Opponents of the bill, including the IEA, have serious concerns. Among them:
- It is likely to bring about more local levies to fund schools, making it a tax shift, not a tax cut.
- It relies on a projected budget surplus, the size or existence of which is uncertain.
- It provides only a very small measure of tax relief for low and middle income Idahoans, but a significant windfall for the wealthy
We urge you to contact your state Senator, and tell him/her that HB 67 is a bad idea for Idaho. Many legislators are also holding town hall meetings in their districts. We also urge you to attend these town hall meetings to share your feedback.
House Education Committee OKs Accountability System-Part of ESSA Requirements
A new school accountability system developed by the State Department of Education and the State Board of Education was approved by the House Education Committee Friday. The new system is among the requirements of the federal ESSA (Every Student Succeeds Act), and features multiple metrics for measuring school accountability. The IEA followed the development of the new system very closely over the last year and half, and believes that it represents a positive step. “It isn’t perfect, but it is a departure from and improvement on the previous accountability measures of the No Child Left Behind legislation,” said Matt Compton, IEA Director of Public Policy.
The State Department of Education recently delayed the presentation of Idaho’s ESSA plan to the State Board of Education from February to April, at the earliest. A draft version of the ESSA plan is posted on the SDE website, along with a button for public feedback on the plan.
Crapo Will Vote “Yes” on DeVos; Risch Won’t Say
Idaho Senator Mike Crapo will vote to confirm Betsy DeVos as Education Secretary, his spokesperson told Idaho Education News Friday. “DeVos says she favors more state and local control of education, and Crapo agrees with that principal,” spokesperson Lindsay Northern said.
“We also support state and local control, but that doesn’t change the fact that DeVos is unqualified to be Education Secretary,” was the reaction of IEA President Penni Cyr. “Her track record shows a proclivity toward policies that will be disastrous for students and public schools, and she has significant ethical and conflict-of-interest baggage.” Call Sen. Crapo at 202-224-6142, Sen. Risch at 202-224-2752.

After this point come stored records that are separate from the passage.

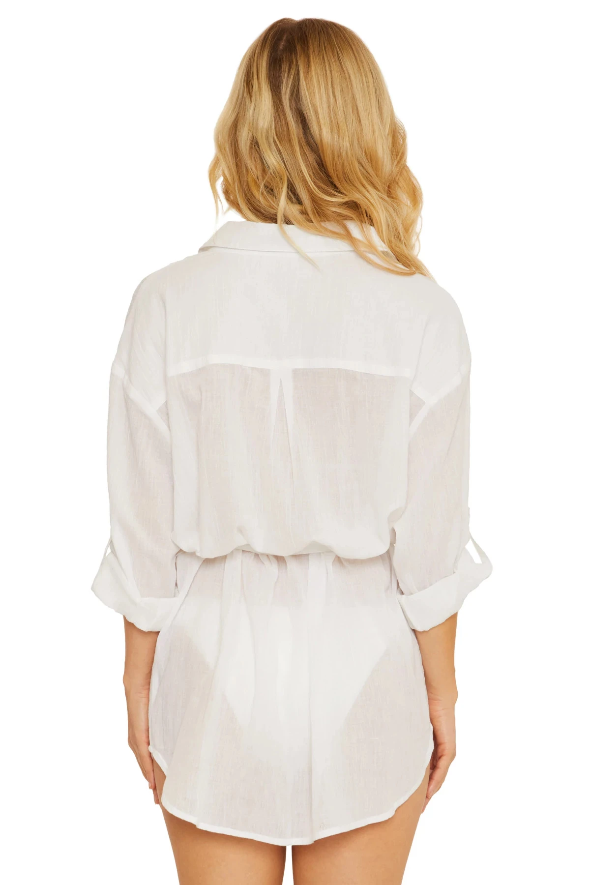 Gauzy shirt dress features a collared neck with front shell buttons and long sleeves that can be cuffed at three quarter length and offers a removable sash belt.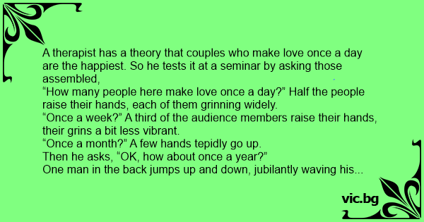 A therapist has a theory that couples who make love once a day are the happiest. So he tests it at a seminar by asking those assembled,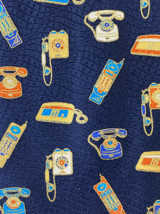 90s Deadstock Silk Necktie, Men's Vintage Navy Metallic Novelty Telephone Print Tie, NOS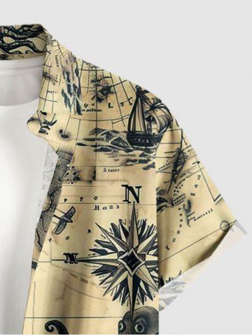Chemise à poches boutonnées grande taille pour homme, imprimée pieuvre, voilier et carte marine, croisière à Hawaï. - Bronze - M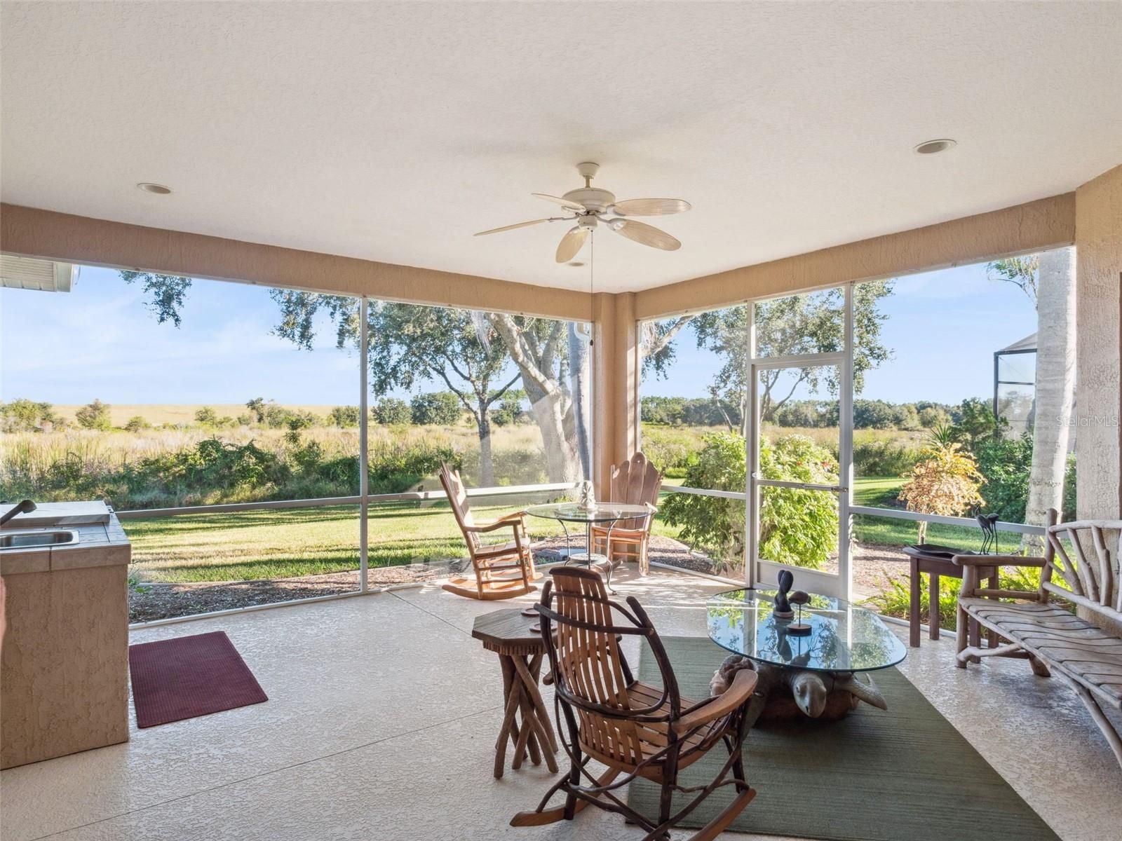 A Bird Lovers Paradise: Exquisite Huntly Model Home in the Royal Highlands 55+ Community! We are proudly offering this three Bedroom, Two Bath, stunning home with Conservation Views—A Serene Oasis Awaits You! Discover the ultimate sanctuary for bird enthusiasts and nature lovers in this beautifully modified and meticulously maintained Huntly model home. Nestled in the sought-after Royal Highlands community, this residence offers tranquility, luxury, and a breathtaking view of the vast conservation area—all from the comfort of your expansive screened lanai. This home boasts three spacious bedrooms designed for comfort and privacy, and two ample baths, including a primary suite with a soaker tub, step-in shower, and dual vanity. The open-concept floor plan features inviting architecture, high ceilings, and crown molding throughout, creating an airy and welcoming atmosphere. The lanai’s summer kitchen is equipped with a premium Jenn-Air gas cooktop, storage, sink and counter area. The kitchen boasts lovely Corian counters, and all appliances are included. You can enjoy both formal and casual dining areas, perfect for entertaining guests or enjoying cozy family meals. Gorgeous hardwood floors run throughout the main living spaces, adding warmth and sophistication, while the screened entry porch provides a welcoming and secure space to enjoy the outdoors year-round. The beautifully landscaped exterior features low-maintenance lava rock accents and fresh new screening. The oversized garage offers ample storage, built-in cabinets, attic access, a new door opener, and a utility sink for convenient clean-up. This home comes with valuable updates, including a brand new 2025 roof providing peace of mind for years to come, a 2022 water heater, and a 2016 HVAC system for improved energy efficiency. Throughout the home, you'll find updated fans, screening, and Plantation Shutters, enhancing comfort and style. Royal Highlands offers an impressive array of resort-style features, beginning with its 18-hole golf course, and catch & release fishing lakes. Residents enjoy access to two resort-style pools, pickleball, tennis, and softball courts, as well as a theater stage and a fully equipped fitness center. With hundreds of clubs and activities for every interest, an on-campus restaurant, a driving range, and scenic nature trails just steps from your door, the community truly caters to an active lifestyle. Make This Paradise Yours with its exceptional features, stunning conservation views, and access to unparalleled amenities. Our Royal Highlands Huntly model home is truly a bird lover’s paradise. Schedule your private tour today and experience serenity, comfort, and community at its finest!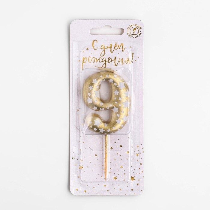 Свеча для торта "Золотая со звездами", цифра 9, 5,5 см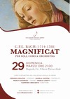 L’opera che sarà presentata è la più famosa del repertorio di Bach figlio: una enorme costruzione di cori e arie solistiche di notevole difficoltà che portano ad immaginare ad una sorta di “gara musicale” che C.P. Emanuel volle lanciare al padre, autore anch’egli del Magnificat BWV 243. Il figlio scrisse il suo Magnificat nel 1749, un anno prima della morte di quel gigante musicale che segnò tutta la storia della musica e non è un caso che per la sua composizione scelse la stessa tonalità usata dal padre, il re maggiore. Sebbene il criterio della difficoltà esecutiva non sia un elemento qualificante nella musica, il Magnificat di Carl Philipp Emanuel è decisamente più complesso di quello paterno: il coro finale è un immenso fugato di 246 battute (circa 20 pagine di partitura) che mette a dura prova il coro e le arie sono costruite con passaggi che richiedono maestria sotto il profilo sia ritmico che melodico. Saranno quattro i solisti che si alterneranno nella scansione dei versetti del cantico mariano: Veronika Kralova, Daniela Giazzon, Lorenzo Sivelli e Angelo Lodetti. Coro e orchestra al completo forniranno l’accompagnamento e il ripieno delle altre parti in una successione di tempi, tonalità e stili diversi che rendono questo compositore un ponte tra lo stile barocco e quello classico, passando per lo stile galante.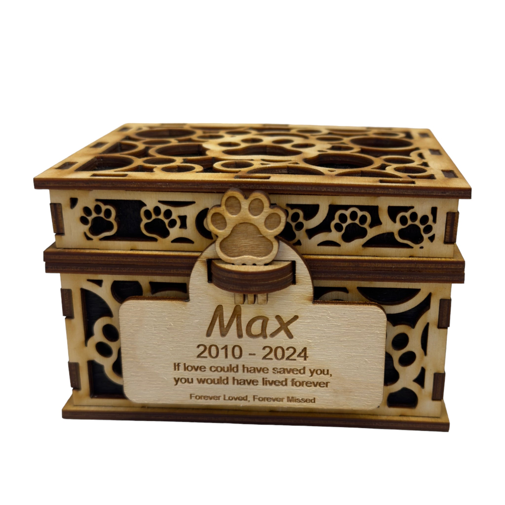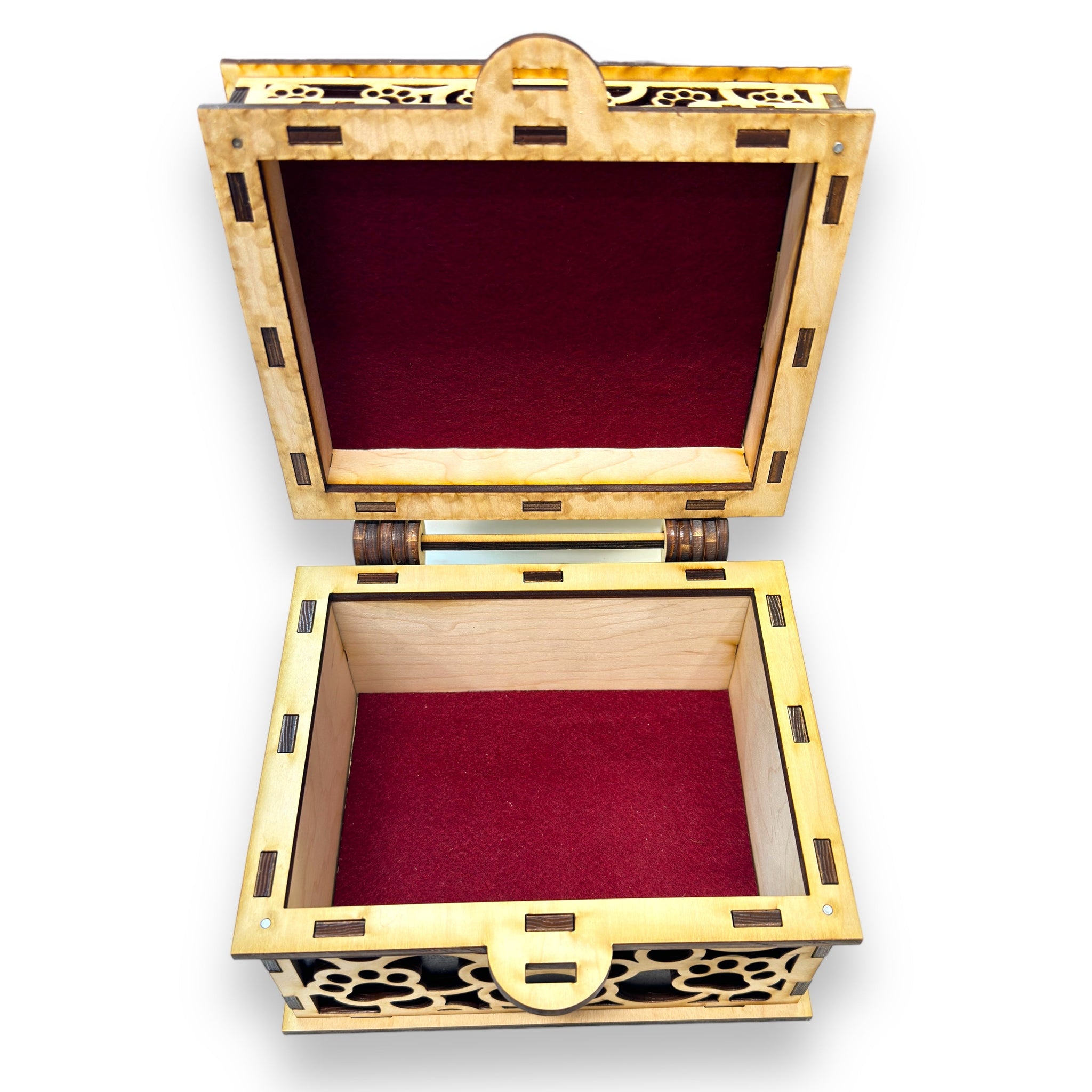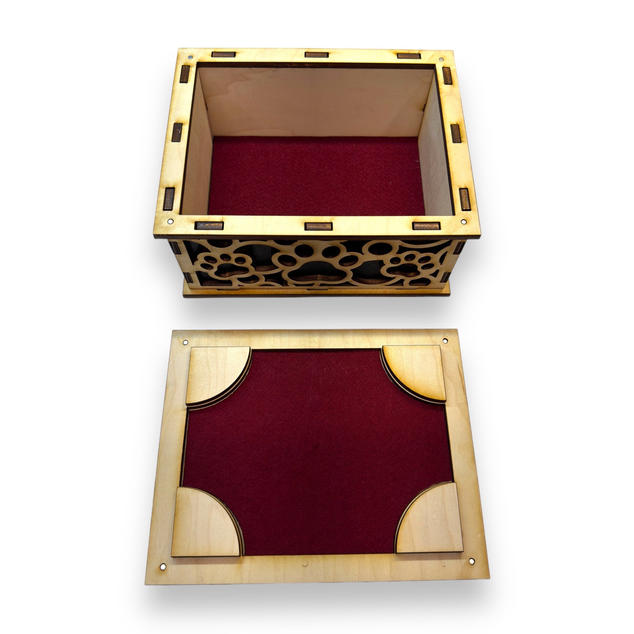The Paw Print pet urn is a beautiful and durable final resting place for your beloved pet. Handcrafted from birch wood, this hinged lid box provides a secure and personalized tribute. With a spacious inner compartment, this urn is perfect for honoring the memory of your furry friend.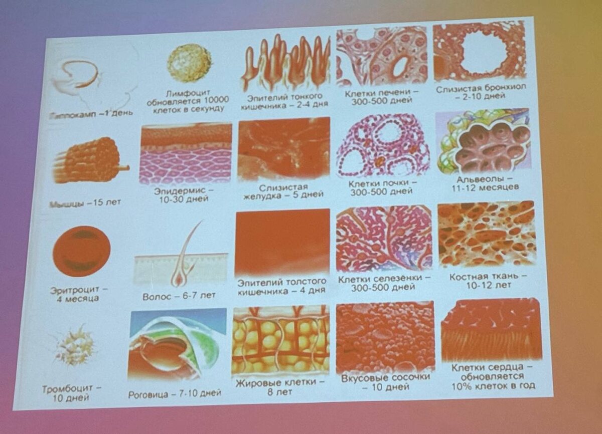 Обрати внимание на то, через сколько времени обновляются клетки разных органов в твоем организме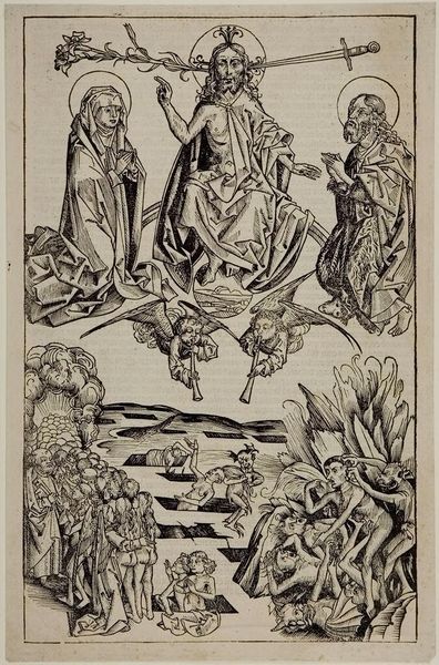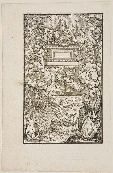 Editor: This is Hans Holbein the Younger's "The Throne of God and the 24 Elders." It's quite detailed, depicting a celestial scene. What strikes you about this work? Curator: It's fascinating to consider this work in the context of the Reformation. Holbein was working during a time of immense religious upheaval. How do you think this image of divine order might have functioned amidst such social and spiritual disruption? Editor: Perhaps it offered a sense of stability or a vision of ultimate authority in a world that felt increasingly chaotic? Curator: Exactly. And consider the power dynamics inherent in the depiction of God enthroned, surrounded by adoring figures. Whose power is being legitimized, and whose is being challenged? Editor: I hadn't considered it that way. Thanks, I'll definitely view Holbein differently from now on.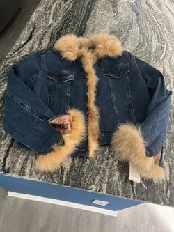 Dark Blue Denim Jacket With Fox Fur Arms And Neck And A Quilted lining. $40Pineville, NC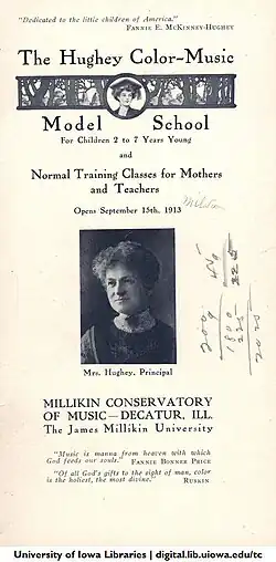 Hughey conducted The Hughey Color-Music Model School for children from two to seven years of age, and normal training classes for mothers and teachers at the Milliken Conservatory of Music, Decatur, Illinois. Along with the musical training went instruction in number work, nature work, bodily exercise, and for the more advanced pupils languages were taught. The training school was for those who wish to learn the Hughey system, either for teaching or for home instruction. [1] [2]
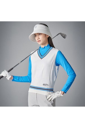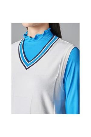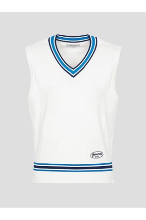 브이넥의 배색 디테일이 산뜻한 포인트를 주는 니트 베스트입니다. 은은한 바둑판 사각 무늬의 체크 조직이 고급스러운 무드를 선사합니다. 좌우 밑단에는 트임을 주어 활동성을 높였습니다. 가벼운 기능성 원사를 사용하여 착용감이 한층 편안합니다. 날씨에 따라 긴소매 티셔츠나 반소매 티셔츠와 함께 착용하여 멋스러운 스타일링을 연출할 수 있습니다.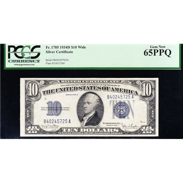 1934D $10 Wide Silver Certificate PCGS 65PPQ

Sen. Jim Risch has not responded to questions about his intentions for the confirmation vote, which is expected to come early next week. Two Republican Senators have reportedly said they will vote “no” on DeVos, although both voted “yes” in committee when her confirmation could have been halted. Currently the Senate vote appears to be tied at 50-50, which would require Vice President Mike Pence to cast the tie-breaking vote—the first time in U.S. history that would have occurred for a cabinet nominee.